Infra maintainers must:

  • ensure golden files reflect the frozen model
  • ensure no ambiguous words appear in golden
  • regenerate golden after any model change
  • validate golden diffs before merging

Golden regeneration:

python scripts/get_golden_crf_frozen_data.py

Golden inspection:

make check-crf WORDS="amah upa zawlai"

3. Maintain the CRF Training Pipeline

Infra maintainers own:

  • dataset ingestion
  • dataset cleaning
  • feature extraction
  • training configuration
  • evaluation metrics
  • training reproducibility

Key commands:

make get-zomi-syllabified-human
make clean-dataset
make train-crf

Training outputs must never be committed.

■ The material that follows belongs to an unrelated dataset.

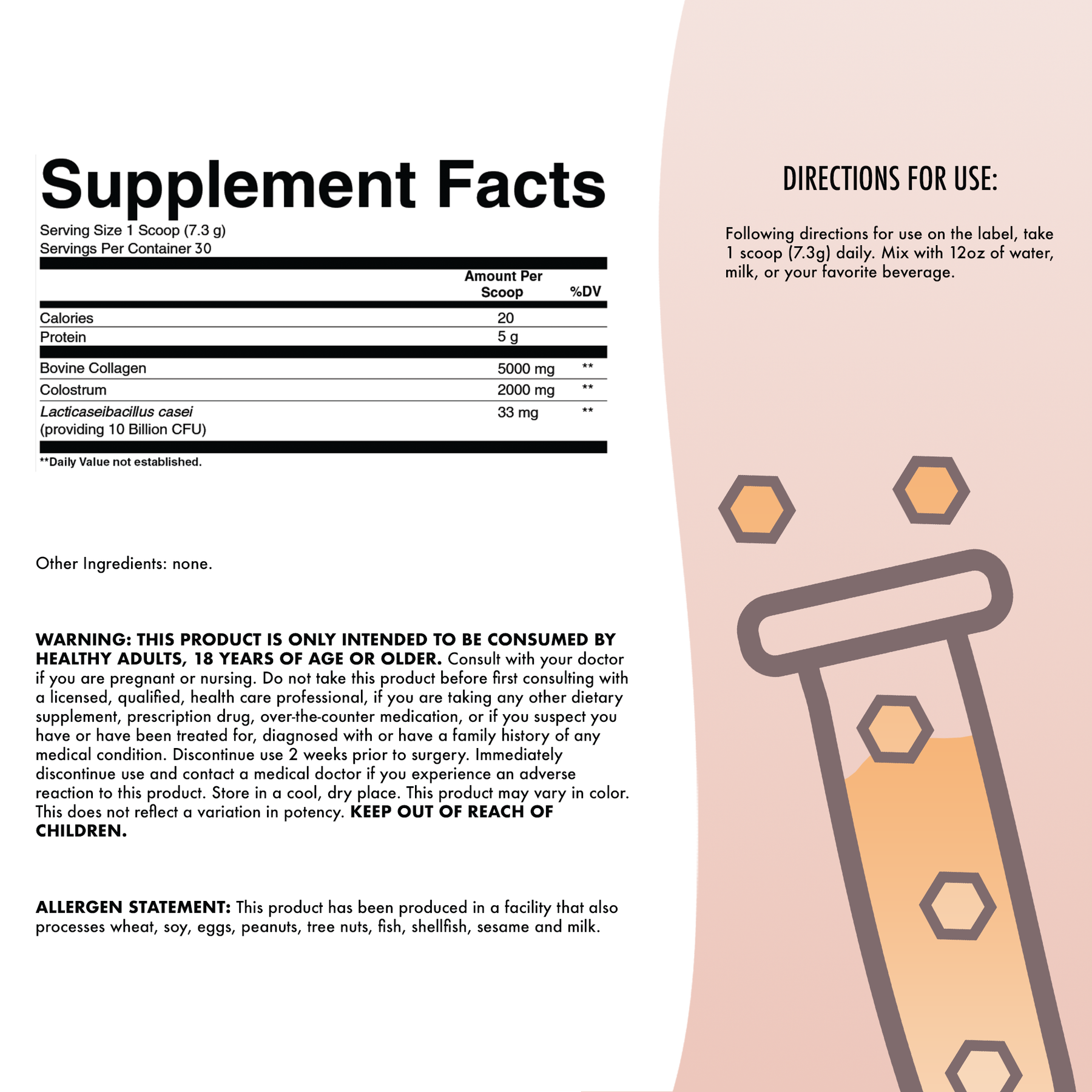 Collagen Colostrum+ blends collagen and probiotics to support beauty and wellness from the inside out. Rich in both nutrients and antibodies, and works synergistically with probiotics to promote a healthy gut, glowing skin and strong connective tissues†.

4. Maintain the Release Freeze Workflow

The release freeze script:

scripts/release_crf_freeze.sh

Must always:

  • fetch dataset
  • clean dataset
  • train CRF
  • freeze model
  • package model into wheel
  • regenerate golden
  • validate tests
  • remove temporary artifacts

Infra maintainers must ensure:

  • freeze script works on clean machines
  • wheel contains correct model
  • no training artifacts leak into Git
  • versioning is correct

5. Maintain Makefile Orchestration

The Makefile is the single source of truth for:

  • training
  • testing
  • golden regeneration
  • release freeze
  • linting
  • dataset ingestion

Infra maintainers must:

  • keep targets deterministic
  • avoid side effects
  • ensure targets work on Linux + macOS
  • ensure targets do not require secrets

6. Maintain Pre‑Commit Hooks

Infra maintainers must ensure:

  • Black formatting
  • Ruff linting
  • YAML/JSON/TOML validation
  • model‑file blocking
  • golden‑ambiguity blocking

Run:

pre-commit install
pre-commit run --all-files

7. Maintain CI Stability

Infra maintainers must ensure:

  • CI runs make test
  • CI enforces pre‑commit
  • CI validates wheel build
  • CI validates golden regression

CI must never allow:

  • model drift
  • golden drift
  • missing packaged model
  • stale artifacts

🧪 Testing Requirements

Infra maintainers must ensure:

  • all tests pass before merging
  • golden regression is stable
  • CRFBackend loads packaged model
  • no test depends on local state

Run:

make test

🚫 What Infra Maintainers Must Never Do

  • never commit training models
  • never commit large datasets
  • never modify golden without explanation
  • never change CRF features without retraining
  • never bypass pre‑commit
  • never merge without full test pass
  • never break reproducibility

📦 Release Responsibilities

Infra maintainers own the release pipeline:

  • version bump
  • golden regeneration
  • freeze script execution
  • wheel validation
  • PyPI upload
  • post‑release verification

Release dry‑run:

make test
pip install dist/zomi_syl-*.whl --force-reinstall
python -m zomi_syl syllabify "themthum"

🧭 How to Propose Infra Changes

  1. Open an issue describing:
  2. motivation
  3. reproducibility impact
  4. golden impact
  5. release impact

  6. Create a feature branch

  7. Update Makefile + scripts
  8. Update tests
  9. Run full release dry‑run
  10. Submit PR with:
  11. evaluation summary
  12. golden diff
  13. wheel validation

🤝 Thank You

Infra maintainers are the backbone of Zomi‑Syl.
Your work ensures the project remains:

  • reproducible
  • stable
  • linguistically correct
  • future‑proof

This is the foundation for the entire Zomi NLP ecosystem.